--- Data ---
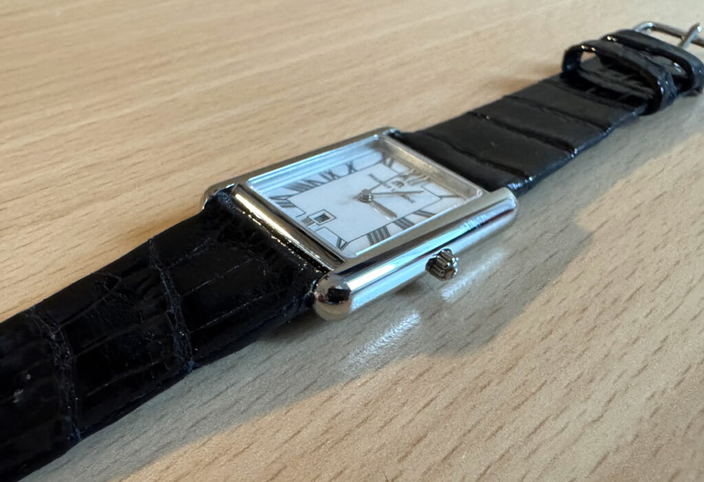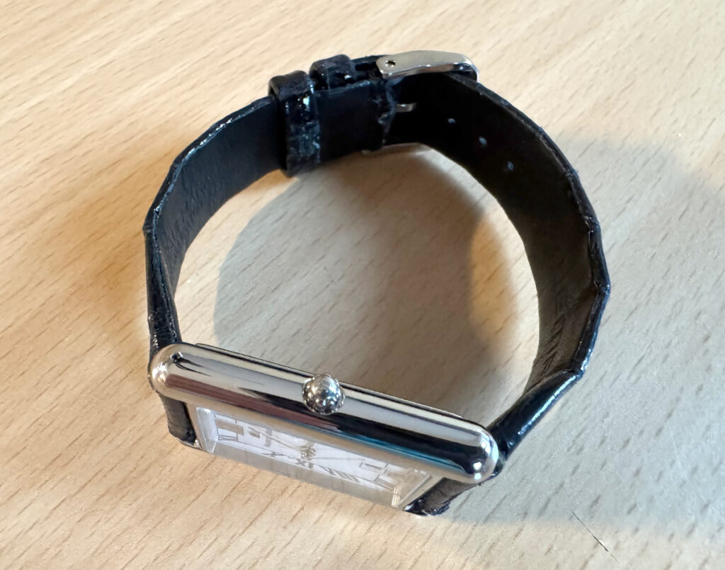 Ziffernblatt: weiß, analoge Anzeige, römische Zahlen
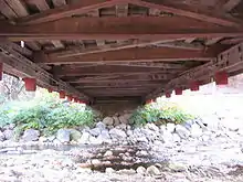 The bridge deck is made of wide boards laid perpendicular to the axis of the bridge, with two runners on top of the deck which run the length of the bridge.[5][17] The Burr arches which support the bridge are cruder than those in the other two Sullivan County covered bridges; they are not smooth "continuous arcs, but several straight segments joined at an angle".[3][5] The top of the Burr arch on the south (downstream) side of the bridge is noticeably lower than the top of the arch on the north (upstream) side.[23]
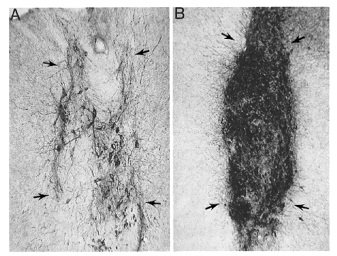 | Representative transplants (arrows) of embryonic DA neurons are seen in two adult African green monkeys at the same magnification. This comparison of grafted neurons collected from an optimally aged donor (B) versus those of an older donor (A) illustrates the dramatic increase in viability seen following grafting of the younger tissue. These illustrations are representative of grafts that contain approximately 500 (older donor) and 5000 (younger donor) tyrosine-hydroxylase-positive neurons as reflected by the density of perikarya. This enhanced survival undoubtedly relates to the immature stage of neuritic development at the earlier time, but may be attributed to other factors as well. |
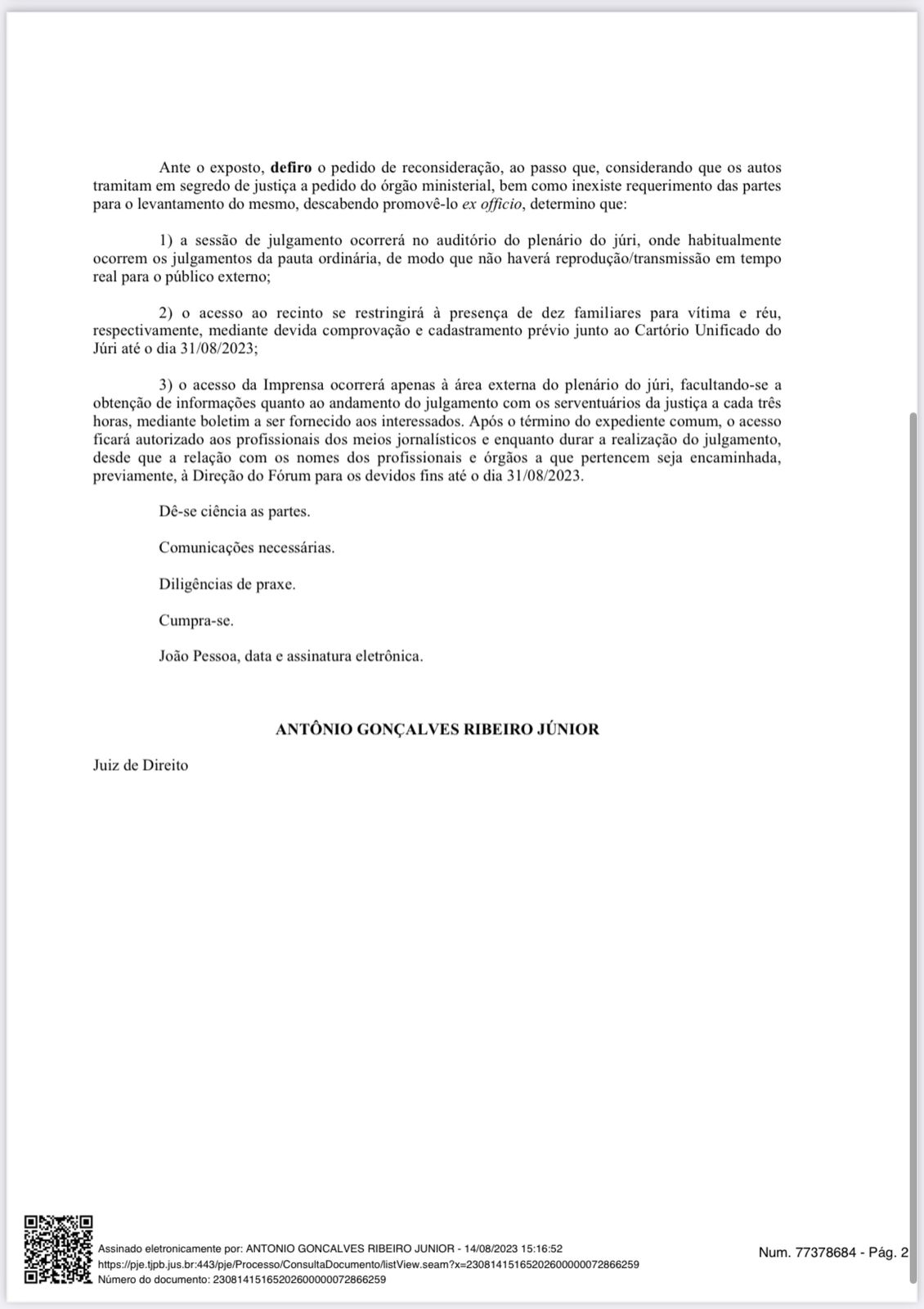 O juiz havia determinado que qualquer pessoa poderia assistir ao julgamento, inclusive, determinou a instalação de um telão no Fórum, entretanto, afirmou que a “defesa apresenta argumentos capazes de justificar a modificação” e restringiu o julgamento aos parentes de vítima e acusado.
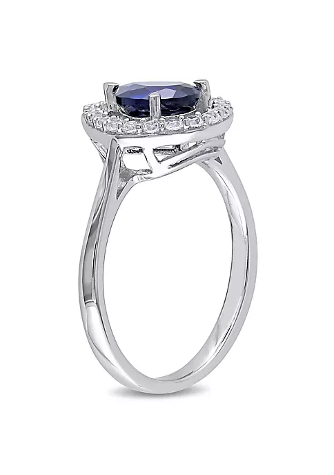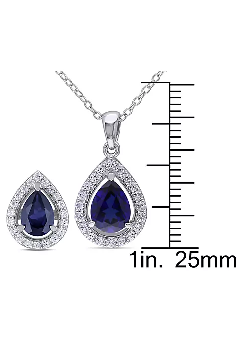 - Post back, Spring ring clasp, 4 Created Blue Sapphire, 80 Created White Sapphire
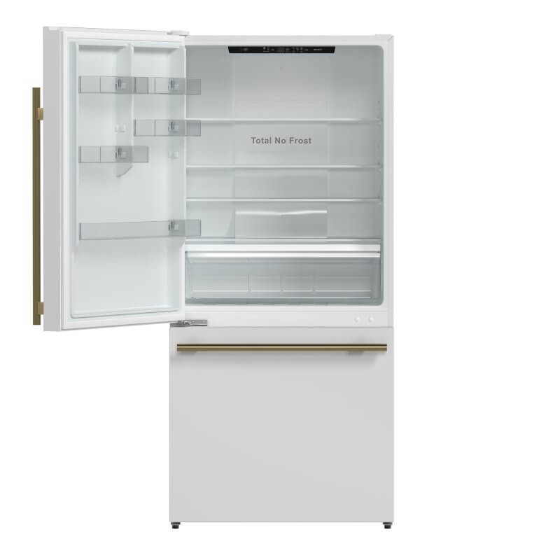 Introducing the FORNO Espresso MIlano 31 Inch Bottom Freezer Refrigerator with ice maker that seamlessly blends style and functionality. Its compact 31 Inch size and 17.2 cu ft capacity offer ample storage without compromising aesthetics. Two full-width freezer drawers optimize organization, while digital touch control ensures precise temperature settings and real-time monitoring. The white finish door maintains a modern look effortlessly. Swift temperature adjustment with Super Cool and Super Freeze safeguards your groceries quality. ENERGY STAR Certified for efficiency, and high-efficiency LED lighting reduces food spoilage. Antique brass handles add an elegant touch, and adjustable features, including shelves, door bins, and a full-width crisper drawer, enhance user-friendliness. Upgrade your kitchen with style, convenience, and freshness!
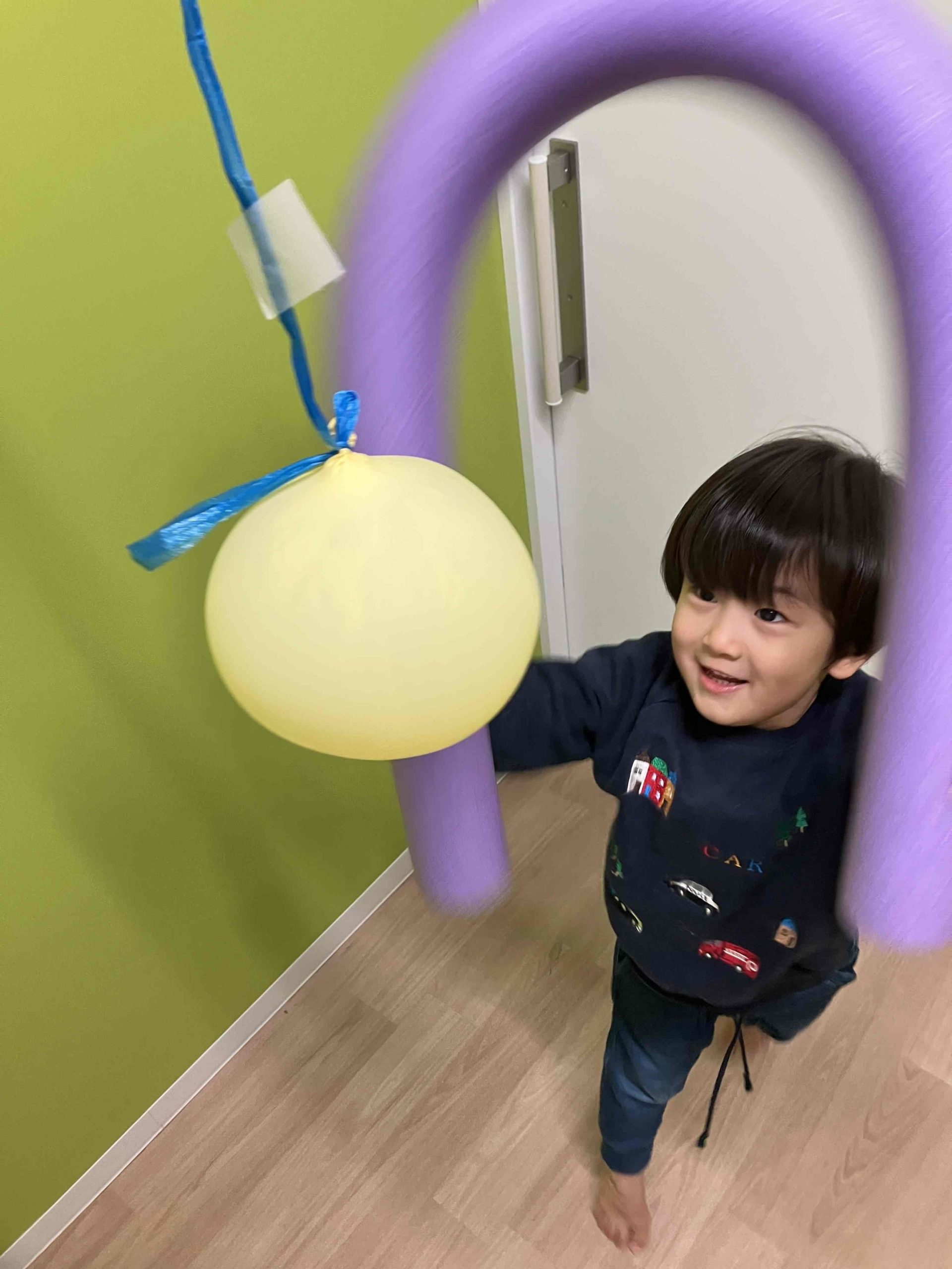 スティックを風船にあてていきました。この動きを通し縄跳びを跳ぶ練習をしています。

--- What you need to do ---
Hand back all the entries exactly, leaving out the pictures.

--- Task result ---
 Ziffernblatt: weiß, analoge Anzeige, römische Zahlen
 The bridge deck is made of wide boards laid perpendicular to the axis of the bridge, with two runners on top of the deck which run the length of the bridge.[5][17] The Burr arches which support the bridge are cruder than those in the other two Sullivan County covered bridges; they are not smooth "continuous arcs, but several straight segments joined at an angle".[3][5] The top of the Burr arch on the south (downstream) side of the bridge is noticeably lower than the top of the arch on the north (upstream) side.[23]
 | Representative transplants (arrows) of embryonic DA neurons are seen in two adult African green monkeys at the same magnification. This comparison of grafted neurons collected from an optimally aged donor (B) versus those of an older donor (A) illustrates the dramatic increase in viability seen following grafting of the younger tissue. These illustrations are representative of grafts that contain approximately 500 (older donor) and 5000 (younger donor) tyrosine-hydroxylase-positive neurons as reflected by the density of perikarya. This enhanced survival undoubtedly relates to the immature stage of neuritic development at the earlier time, but may be attributed to other factors as well. |
 O juiz havia determinado que qualquer pessoa poderia assistir ao julgamento, inclusive, determinou a instalação de um telão no Fórum, entretanto, afirmou que a “defesa apresenta argumentos capazes de justificar a modificação” e restringiu o julgamento aos parentes de vítima e acusado.
 - Post back, Spring ring clasp, 4 Created Blue Sapphire, 80 Created White Sapphire
 Introducing the FORNO Espresso MIlano 31 Inch Bottom Freezer Refrigerator with ice maker that seamlessly blends style and functionality. Its compact 31 Inch size and 17.2 cu ft capacity offer ample storage without compromising aesthetics. Two full-width freezer drawers optimize organization, while digital touch control ensures precise temperature settings and real-time monitoring. The white finish door maintains a modern look effortlessly. Swift temperature adjustment with Super Cool and Super Freeze safeguards your groceries quality. ENERGY STAR Certified for efficiency, and high-efficiency LED lighting reduces food spoilage. Antique brass handles add an elegant touch, and adjustable features, including shelves, door bins, and a full-width crisper drawer, enhance user-friendliness. Upgrade your kitchen with style, convenience, and freshness!
 スティックを風船にあてていきました。この動きを通し縄跳びを跳ぶ練習をしています。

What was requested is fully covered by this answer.